» **What the exercise asks**: Set down, exactly and only, everything from the line containing "Mooie kinder schommelstoel" down to the line containing "這不,前幾天,雷軍也在微博上" in the data below; the pictures are not part of the copy.

*** Opening of Dataset content ***

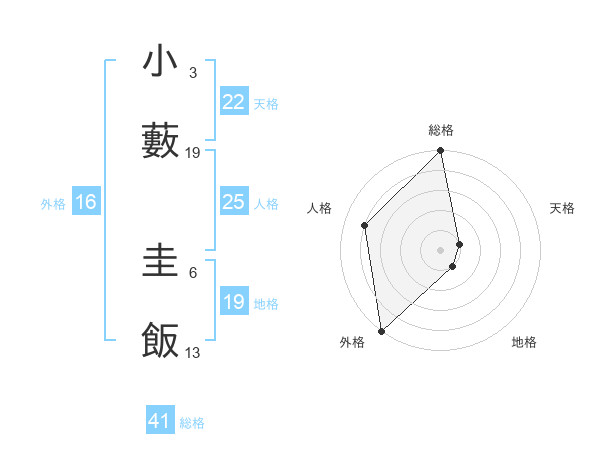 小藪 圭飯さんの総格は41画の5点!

*** Close of Dataset content ***
*** Opening of Dataset content ***

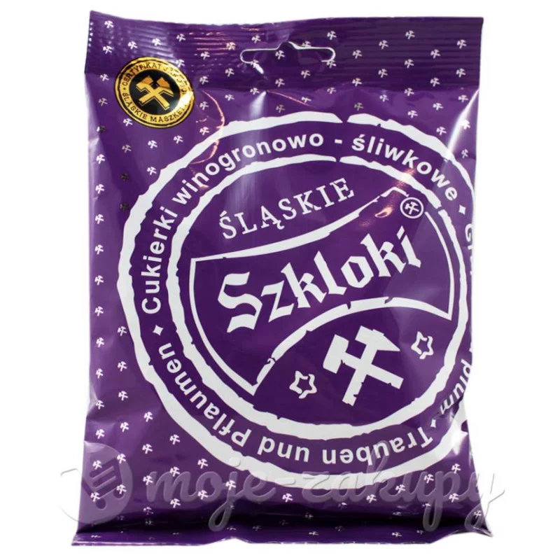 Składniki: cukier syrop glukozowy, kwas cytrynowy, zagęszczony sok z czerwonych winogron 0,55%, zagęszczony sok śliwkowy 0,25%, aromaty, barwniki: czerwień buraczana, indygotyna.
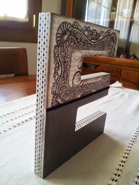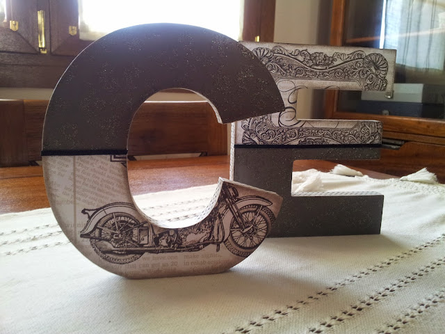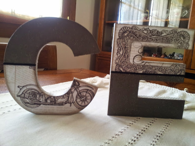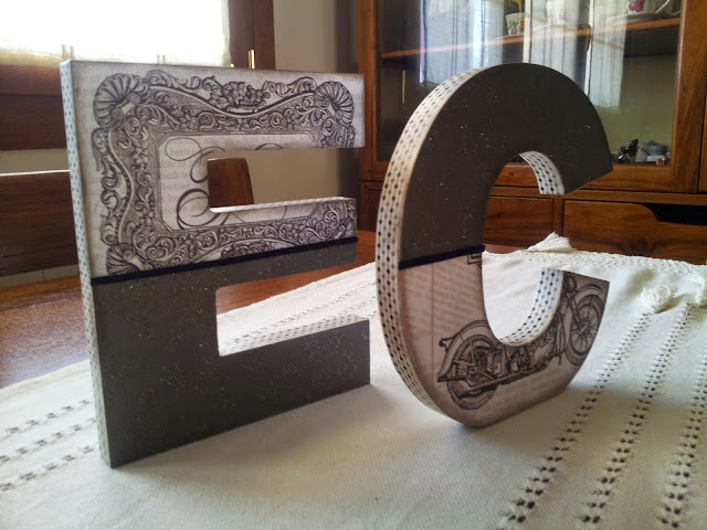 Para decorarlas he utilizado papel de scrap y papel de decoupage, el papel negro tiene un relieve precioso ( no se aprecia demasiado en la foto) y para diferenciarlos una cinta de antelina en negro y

*** Close of Dataset content ***
*** Opening of Dataset content ***

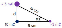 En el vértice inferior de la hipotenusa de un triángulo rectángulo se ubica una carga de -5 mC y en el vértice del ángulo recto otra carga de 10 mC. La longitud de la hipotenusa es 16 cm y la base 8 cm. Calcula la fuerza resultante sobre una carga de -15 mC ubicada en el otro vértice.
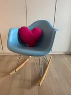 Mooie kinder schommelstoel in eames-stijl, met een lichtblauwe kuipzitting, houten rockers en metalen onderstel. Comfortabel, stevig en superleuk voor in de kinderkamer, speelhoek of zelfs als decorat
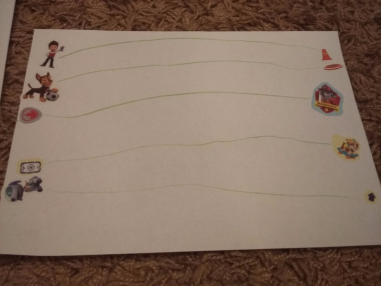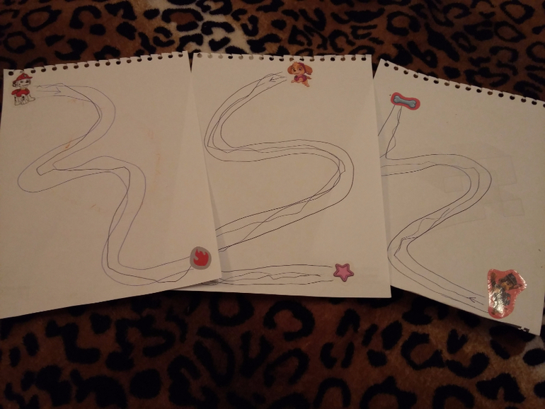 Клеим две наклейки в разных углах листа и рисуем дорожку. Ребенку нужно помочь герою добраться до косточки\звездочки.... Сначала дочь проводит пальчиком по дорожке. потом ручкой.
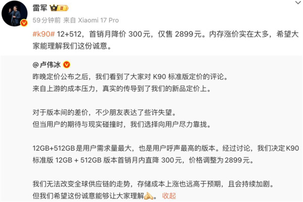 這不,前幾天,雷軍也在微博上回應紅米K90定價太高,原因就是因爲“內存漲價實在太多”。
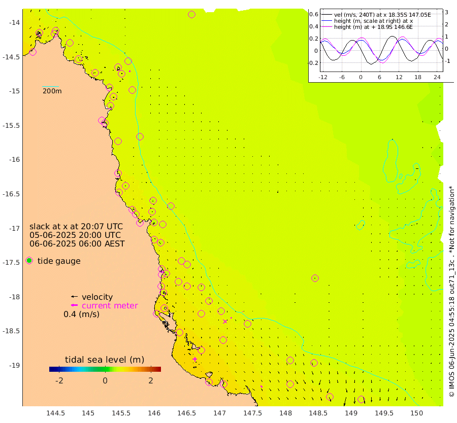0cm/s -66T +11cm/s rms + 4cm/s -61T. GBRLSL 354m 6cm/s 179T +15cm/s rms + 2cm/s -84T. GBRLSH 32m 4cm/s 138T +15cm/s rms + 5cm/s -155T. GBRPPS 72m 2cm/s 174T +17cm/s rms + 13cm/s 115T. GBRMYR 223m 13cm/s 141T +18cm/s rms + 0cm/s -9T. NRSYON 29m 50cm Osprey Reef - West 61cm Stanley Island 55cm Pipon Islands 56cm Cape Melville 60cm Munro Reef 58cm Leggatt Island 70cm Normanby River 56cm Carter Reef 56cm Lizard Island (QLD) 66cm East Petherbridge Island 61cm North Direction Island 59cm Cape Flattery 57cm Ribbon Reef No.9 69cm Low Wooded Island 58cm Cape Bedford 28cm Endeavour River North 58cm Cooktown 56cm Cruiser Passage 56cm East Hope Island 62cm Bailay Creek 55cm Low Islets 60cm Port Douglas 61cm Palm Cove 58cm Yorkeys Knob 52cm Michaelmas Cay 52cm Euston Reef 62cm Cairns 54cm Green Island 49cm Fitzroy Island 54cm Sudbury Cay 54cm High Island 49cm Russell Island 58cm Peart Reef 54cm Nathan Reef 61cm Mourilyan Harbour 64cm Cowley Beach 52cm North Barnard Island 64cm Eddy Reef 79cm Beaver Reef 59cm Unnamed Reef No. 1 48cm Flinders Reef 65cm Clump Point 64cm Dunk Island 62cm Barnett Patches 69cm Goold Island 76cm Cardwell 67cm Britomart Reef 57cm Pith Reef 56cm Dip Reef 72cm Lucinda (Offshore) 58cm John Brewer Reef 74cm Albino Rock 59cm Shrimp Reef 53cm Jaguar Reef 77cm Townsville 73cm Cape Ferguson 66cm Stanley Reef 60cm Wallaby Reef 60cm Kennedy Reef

*** Close of Dataset content ***

» **The completed task**:
 Mooie kinder schommelstoel in eames-stijl, met een lichtblauwe kuipzitting, houten rockers en metalen onderstel. Comfortabel, stevig en superleuk voor in de kinderkamer, speelhoek of zelfs als decorat
 Клеим две наклейки в разных углах листа и рисуем дорожку. Ребенку нужно помочь герою добраться до косточки\звездочки.... Сначала дочь проводит пальчиком по дорожке. потом ручкой.
 這不,前幾天,雷軍也在微博上回應紅米K90定價太高,原因就是因爲“內存漲價實在太多”。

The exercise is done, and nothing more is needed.